In key moments of the development of new energy vehicles, various sectors are highly sensitive to policy changes. Recently, rumors about the early withdrawal of new energy subsidies have been circulating widely, causing a sharp drop in automotive stocks. According to an online circulated 2018 subsidy plan, subsidies for new energy passenger cars are now categorized based on driving range, moving from three tiers in 2017 to five tiers, with the minimum threshold raised to 150km. The subsidy continues, but those with ranges over 300km receive more support, clearly encouraging manufacturers to focus on producing high-quality, energy-efficient vehicles.
The subsidy reduction was previously outlined by several government ministries, including the Ministry of Finance, the National Development and Reform Commission, and the Ministry of Industry and Information Technology. Based on last year’s policy direction, new energy vehicle subsidies were scheduled to decrease by 20% in 2019 and by 40% in 2020 compared to 2016 levels, with full withdrawal by 2020. If the latest 2018 policy is finalized, it could represent a nearly 40% cut, effectively accelerating the subsidy reduction schedule by one year.
Although no official confirmation has come from the Ministry of Finance or the Ministry of Industry and Information Technology, signals suggest that the country is shifting its support from direct subsidies to more strategic guidance. This change will likely impact companies producing low-range A00 electric cars and those focused on electric buses.
Since the 2015 announcement of subsidy withdrawal, the industry has been encouraged to reduce costs, invest in R&D, and develop long-range products. However, incidents like "cheating for subsidies" revealed that some companies did not take the phase-out seriously, still hoping for continued support.
As market-driven policies push the industry forward, early adaptation becomes crucial. For traditional automakers entering the new energy sector, while the subsidy withdrawal may cause short-term pain, adapting quickly can help minimize the impact and shift from passive to proactive strategies.

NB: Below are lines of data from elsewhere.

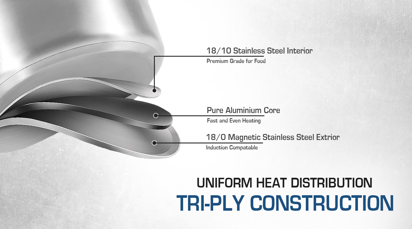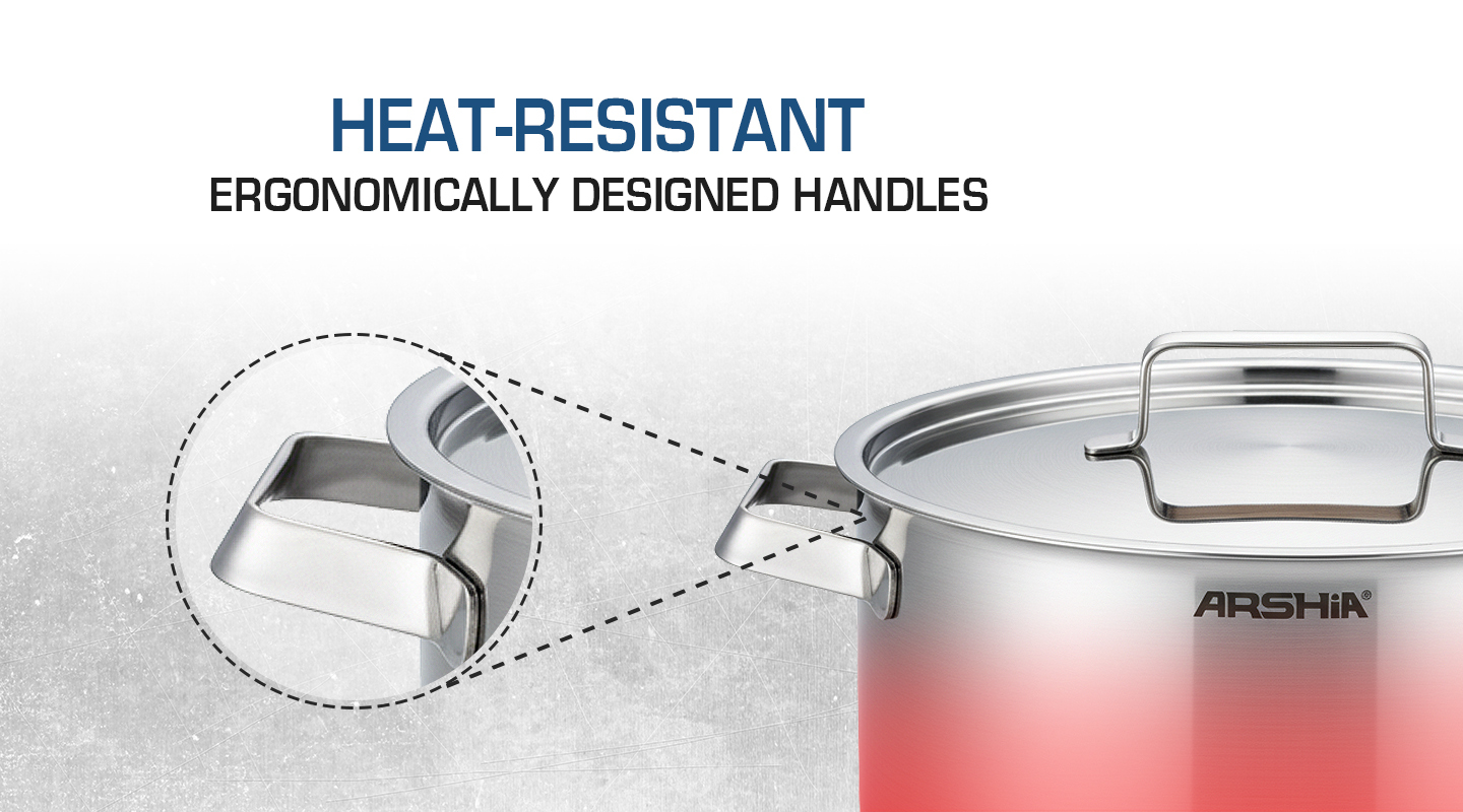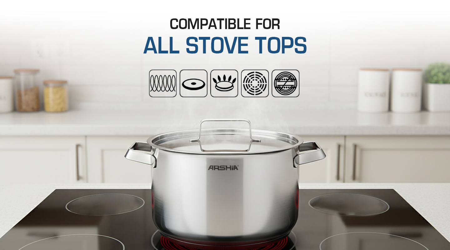 Transform your cooking experience with the Arshia 8pcs Stainless Steel Cookware Set. Made from Stainless Steel 18/0 for superior durability, this set delivers uniform heat distribution with its 3-layer compound bottom. Combining superior quality materials and an elegant design, it's perfect for all stovetops and every cooking need.
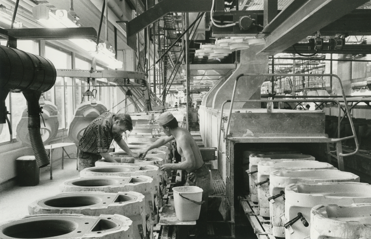 Interiör. Sanitetsporslinsfabriken. Pågående gjutning av wc-stolar.<br>
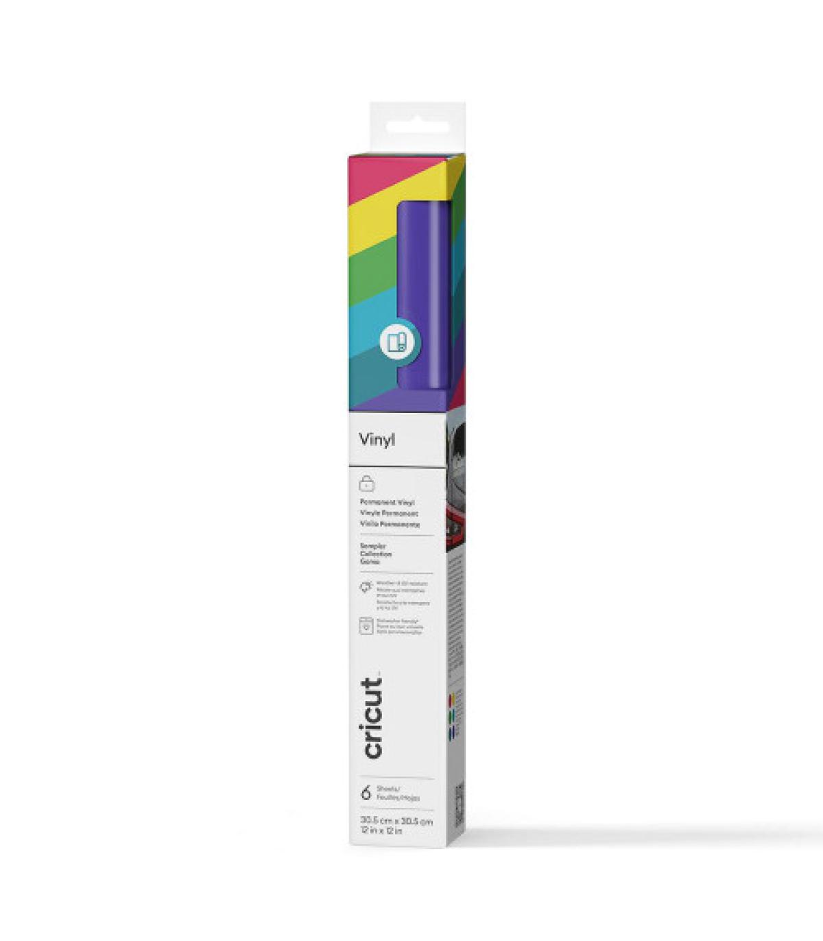Cricut 2011588. Tipo de producto: Lámina de vinilo de transferencia térmica, Tipo: Vinilo de termotransferencia liso, Color del producto: Azul, Verde, Naranja, Púrpura, Rojo, Amarillo. Ancho: 305 mm, Longitud: 305 mm. Tipo de embalaje: Envase para colgar. Hojas por paquete: 6 hojas
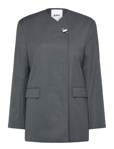 Dieser taillierte Blazer bietet mit seinen klaren Linien und strukturierten Schultern eine elegante Silhouette. Das einreihige Design wird mit einem einzigartigen, dekorativen Verschluss geschlossen, der einen Hauch von moderner Eleganz verleiht. Er verfügt außerdem über dezente Pattentaschen, die seinen stromlinienförmigen Look unterstreichen.
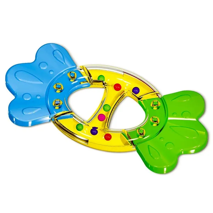 Прорезыватель-погремушка стимулирует развитие зрительно-слуховой чувствительности и помогает наблюдать за движением и слухом.

At the 5th Automotive and Environmental Innovation Forum hosted by Gasgo Motors, Gao Jingjing, project director at Geely Automobile Research Institute, emphasized that Geely's "Blue Geely Action" strategy, launched in 2015, aims for over 90% of its sales to come from new energy vehicles by 2020. Geely has already been making progress toward this goal.
Geely’s new energy vehicles currently follow three main technical routes: pure electric (EV), plug-in hybrid (PHEV), and hybrid electric (HEV). Its EV platform includes models like Emperor Pure Electric, with future upgrades planned. The next-generation PMA platform is expected to match world-class EVs. On the PHEV side, the Dorsett PHEV was recently launched, and the CMA platform with Volvo will introduce both traditional and plug-in hybrid models. The 7DCTH platform will integrate Volvo technology into Geely models, with new models expected next year.
Guangqi Auto, under Chief Technical Director Qi Hongzhong, has also been actively developing new energy technologies. Although current sales are modest, the company has been researching new energy solutions for years, launching several models this year. They are also working on new energy models for joint venture brands, marking a shift from independent to collaborative development.
GAC has developed multiple core technologies, including battery systems, motor units, and electromechanical coupling systems. Their pure electric platforms include two EV systems and three HEV/PHEV platforms. By 2019, GAC plans to launch new EV and PHEV models, with third-generation EV and PHEV platforms set for 2021.
FAW Group has also prioritized new energy vehicle development. Wang Deping, Deputy Director of FAW’s New Energy Office, explained that they merged divisions to create a dedicated new energy institute. FAW’s “1233†strategy includes building a 48V platform, two hybrid platforms, and three pure electric brands, with plans to release these by early next year.
While focusing on new energy, traditional vehicle efficiency remains important. Wang noted that different vehicle classes require tailored approaches—A-class using 48V tech, B-class using HEV, and C-class using PHEV to meet fuel consumption standards.
Zhan Yusong of Changan Auto echoed similar views, emphasizing that different electrification paths have varying performance and cost implications. He suggested hybrid-based models supplemented by pure electric or 48V systems as viable options under current subsidies.
Cui Dongshu of the National Passenger Vehicle Market Information Association believes that subsidy adjustments will promote better products and eliminate weaker players. While the 2018 policy is not yet confirmed, companies must focus on innovation and cost reduction. As the new energy sector matures, success will depend on market forces, policy, and technological advancement—not just subsidies.